One limitation of the study is that it relied only on weight and height measurements to assess whether children were at a healthy weight, the authors note. The researchers didn't look at another indicator of unhealthy weight known as adiposity, or excessive fat around the belly.

Researchers also lacked data on why parents thought children were overweight or what they did about it, the authors note.

"It's hard to say what is going on here without some additional information about the parents' weight status, socioeconomic status, and information about resources in the community such as access to healthy foods and safe spaces for physical activity," Davene Wright, a researcher at Seattle Children's Research Institute and the University of Washington who wasn't involved in the study, said by email.

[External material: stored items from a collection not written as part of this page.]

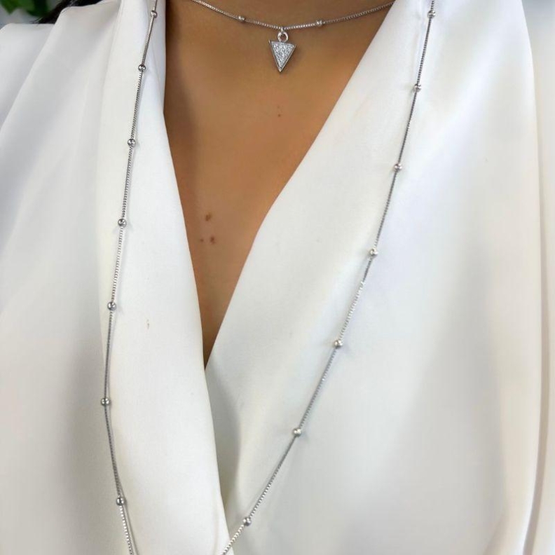 Colar Duplo Triangulos em RodioConfira opiniões e avaliações de clientes!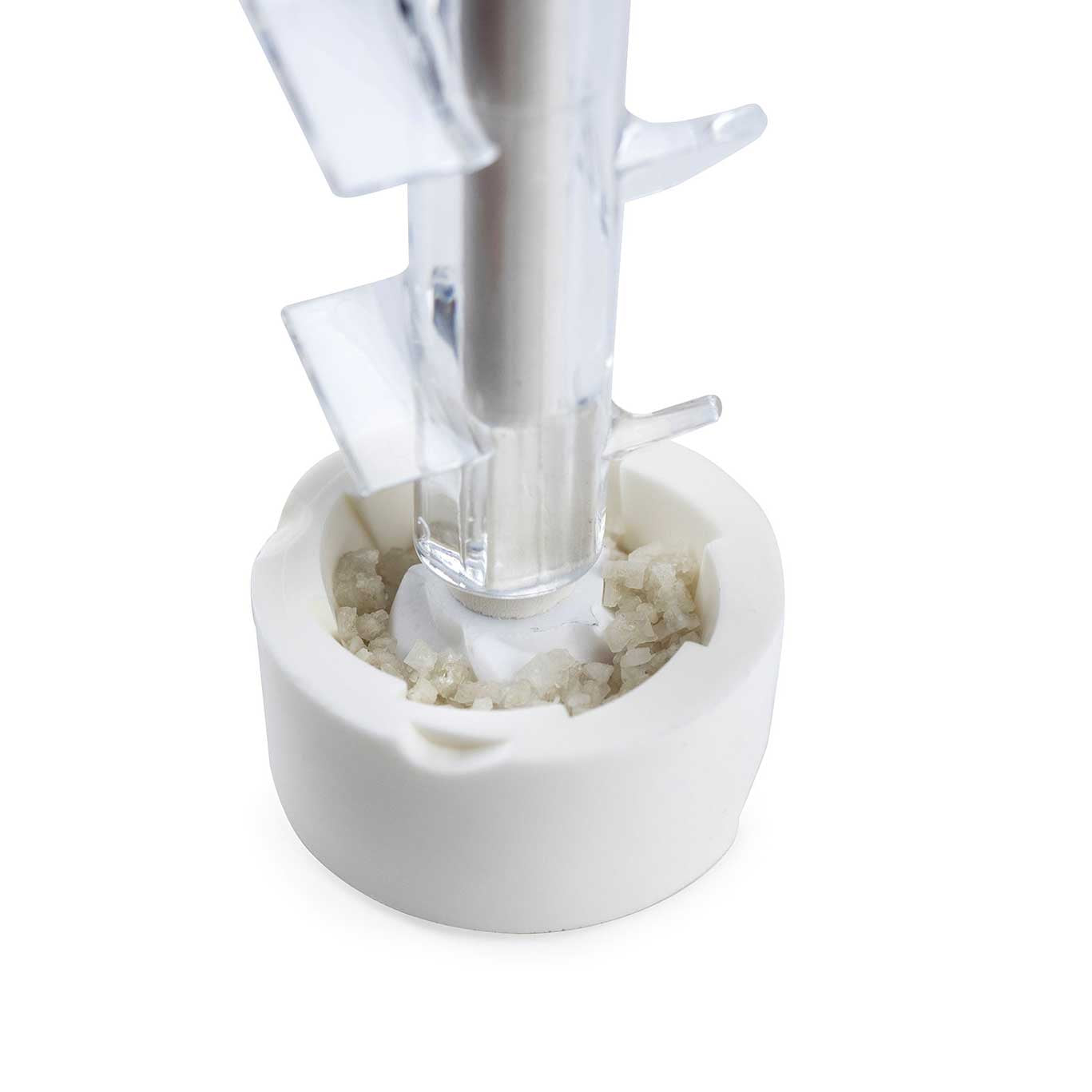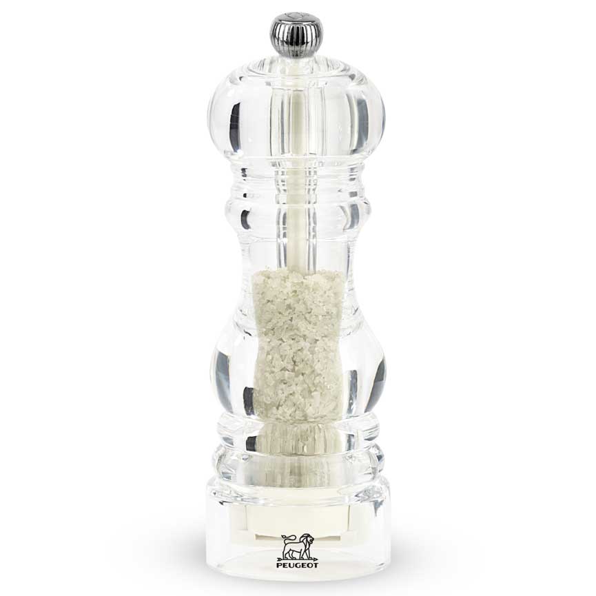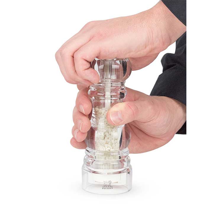 Für alle Liebhaber von grauem Küchenmeersalz (aus Guérande oder anderswo) ist die 18 cm grosse Nancy Mühle speziell für Feuchtsalz ein leistungsstarkes Schmuckstück. Zwei Patente liegen dem exklusiven Mahlwerk zugrunde und garantieren eine hocheffiziente Mahlleistung, auch bei sehr feuchtem Salz. Der Einstellknopf oben auf der Mühle reguliert präzise die Mahlfeinheit. Mit ihrem zeitlosen Design und der modischen Transparenz ist diese Mühle eine Werbung für das Meersalz.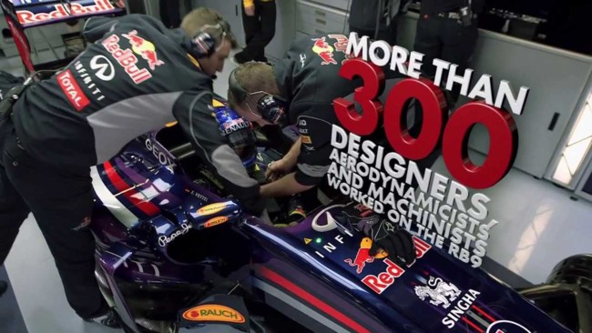 Como siempre, las cifras son mareantes. Cada Red Bull RB9 cuenta con 6.500 piezas que a su vez podrían desglosarse en 100.000 componentes aunque quizás lo más sorprendente es que la propia escudería sea la encargada de fabricar un 70% de las mismas. Para ello, en la sede de la escudería en Milton Keynes trabajan con más de sesenta tipos de metales distintos. Y como no todo van a ser alabanzas. En este vídeo mucho bla bla bla de Christian Horner y los suyos y muchas imágenes repetidas...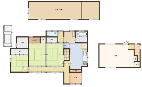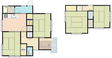 ●構造/木造スレート瓦葺2階建●床面積/1F58.74㎡・2F34.57㎡・延93.31㎡●間取り/4DK●築年月/昭和60年11月新築(平成30年内部改装)●設備/市上下水道・プロパン・関西電力●教育/余部小学校・城北中学校●交通/京都交通福来西バス停徒歩約10分●備考/間取図と現況に相違がある場合現況を優先・駐車場有●ペット相談可●引渡時期/相談●取引態様/仲介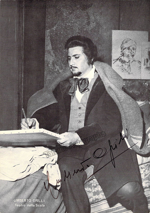 Signed photograph, shown as Rodolfo in Puccini's La Boheme. Stamped on verso by photographer A. Negro. Size is 4 x 5.75 inches, slight crease on bottom left corner, otherwise in excellent condition.

Many factors, including poverty, consumption of sodas and sugar sweetened juices, sleep time and exercise can all influence childhood weight, noted Dr. Sandra Hassink, medical director of the American Academy of Pediatrics Institute for a Healthy Childhood Weight.

"Parents should be monitoring the growth of their children at every pediatric well visit," Hassink, who wasn't involved in the study, said by email.

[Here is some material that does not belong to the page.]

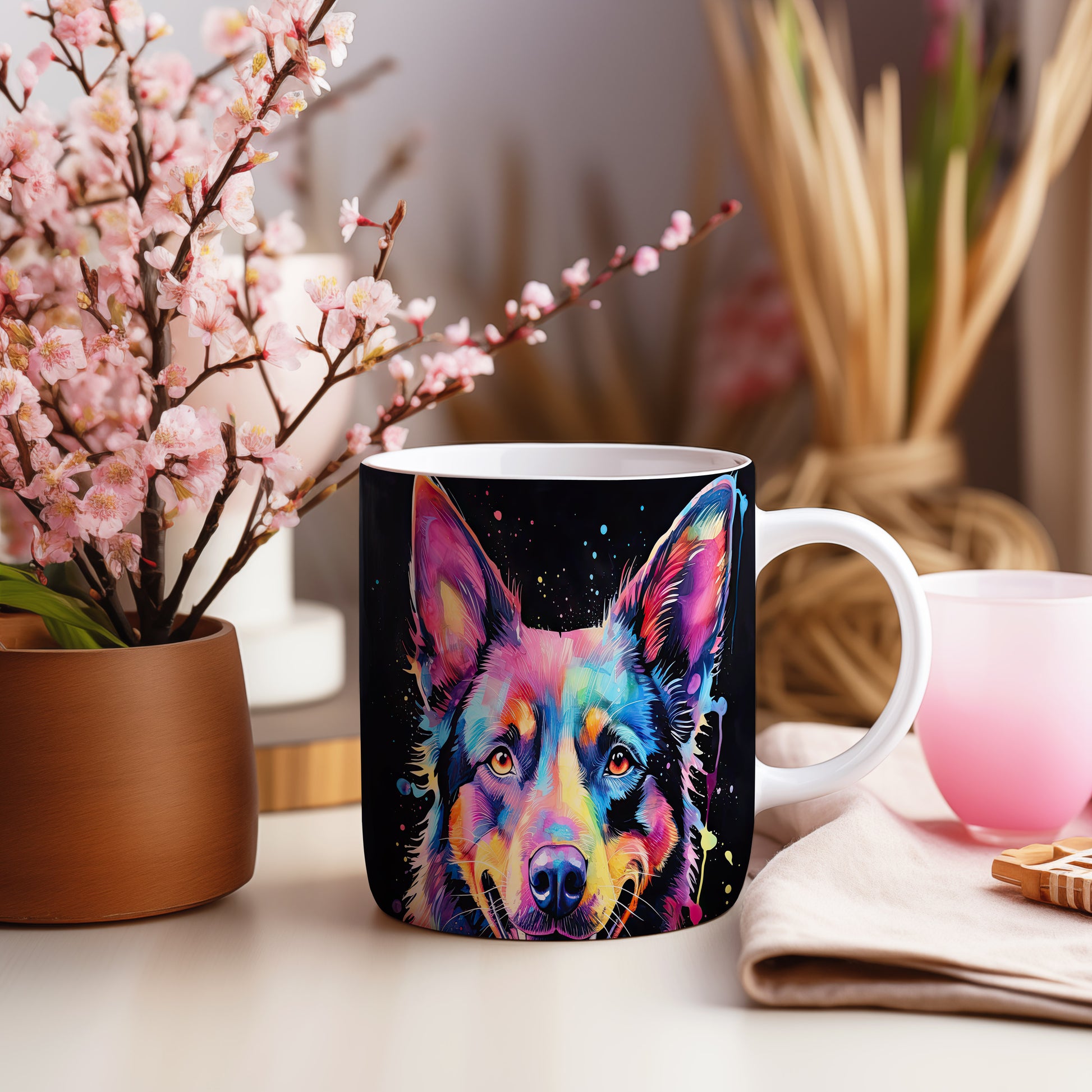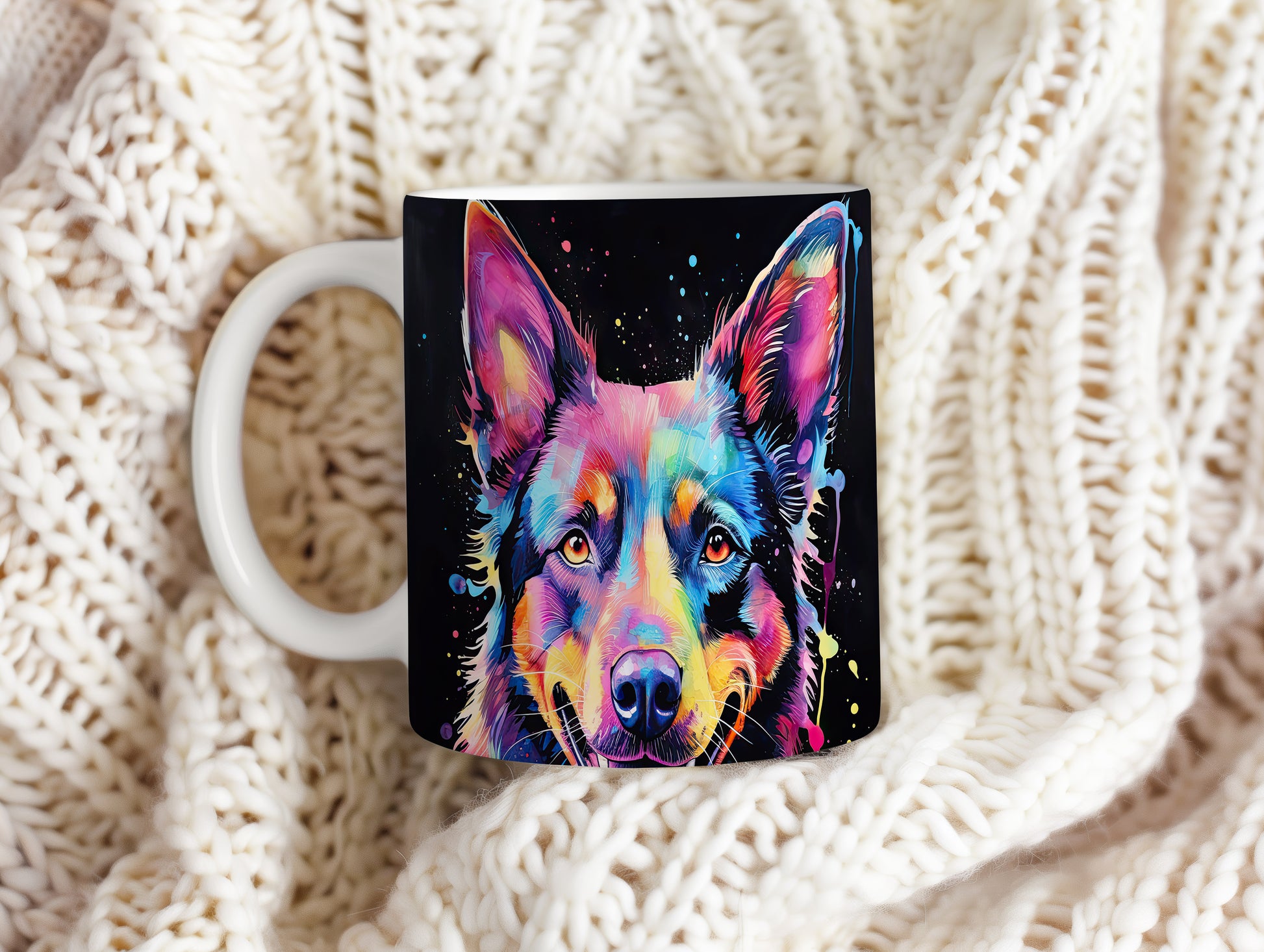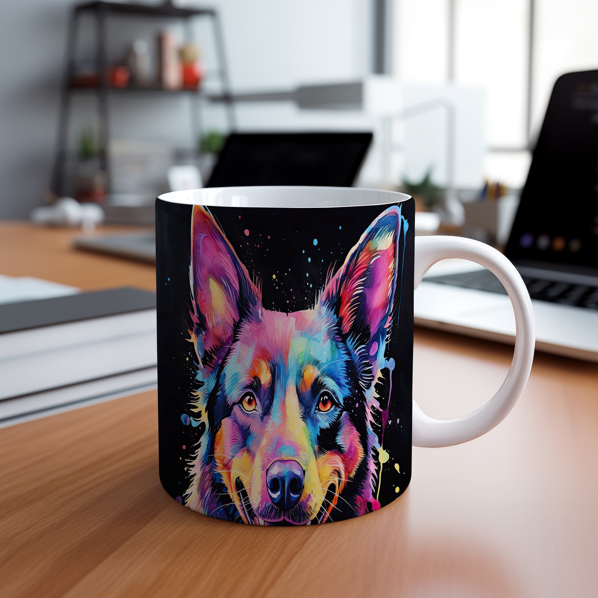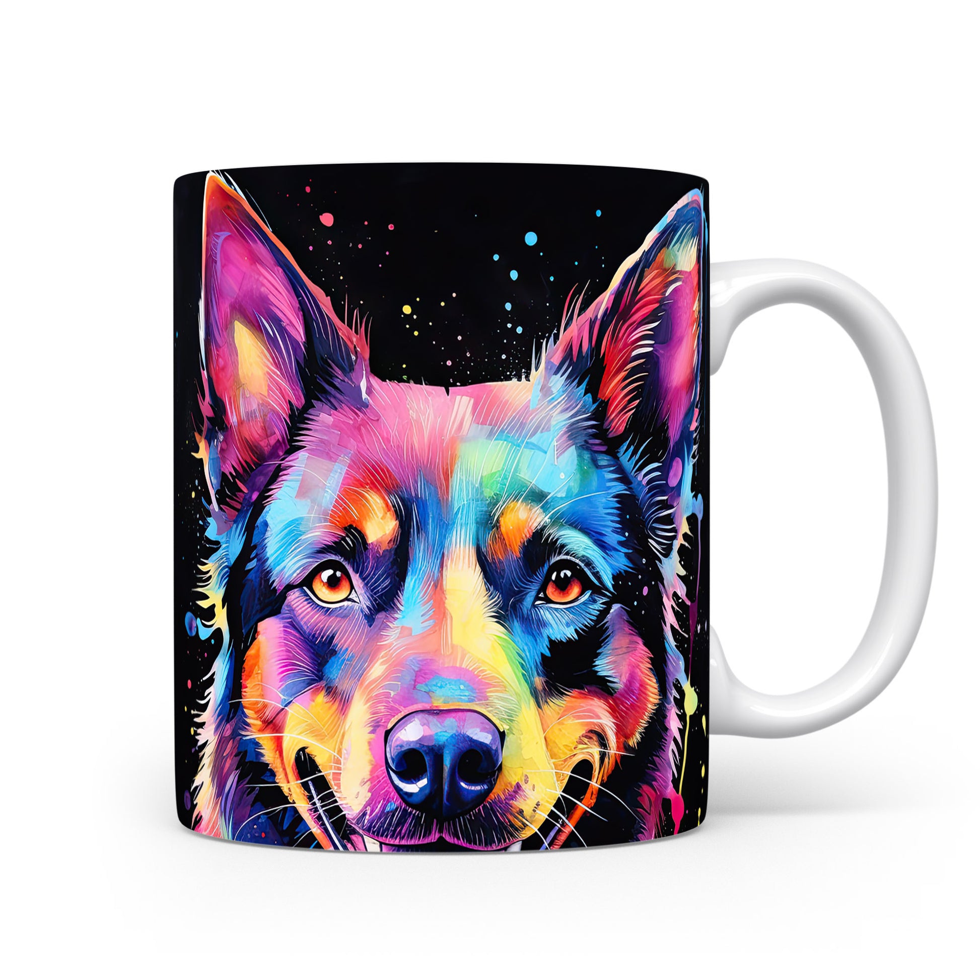 Hrnek s barevným ovčákem na černém pozadí

Because parental perceptions of weight appear connected to future weight gain in the study, parents and other family caregivers may also need to take a close look at how they interact with overweight children to ensure they don't make the problem worse, said Jerica Berge, a researcher at the University of Minnesota who wasn't involved in the study.

"Parents who perceive their child as overweight may also engage in weight conversations with their child, such as telling their child that they are fat and need to lose weight," Berge said by email.

"Or, a parent may engage in food restriction behaviors if they perceive that their child is overweight," Berge added. "Both of these behaviors - weight talk and food restriction - have been shown in prior research to be associated with childhood obesity."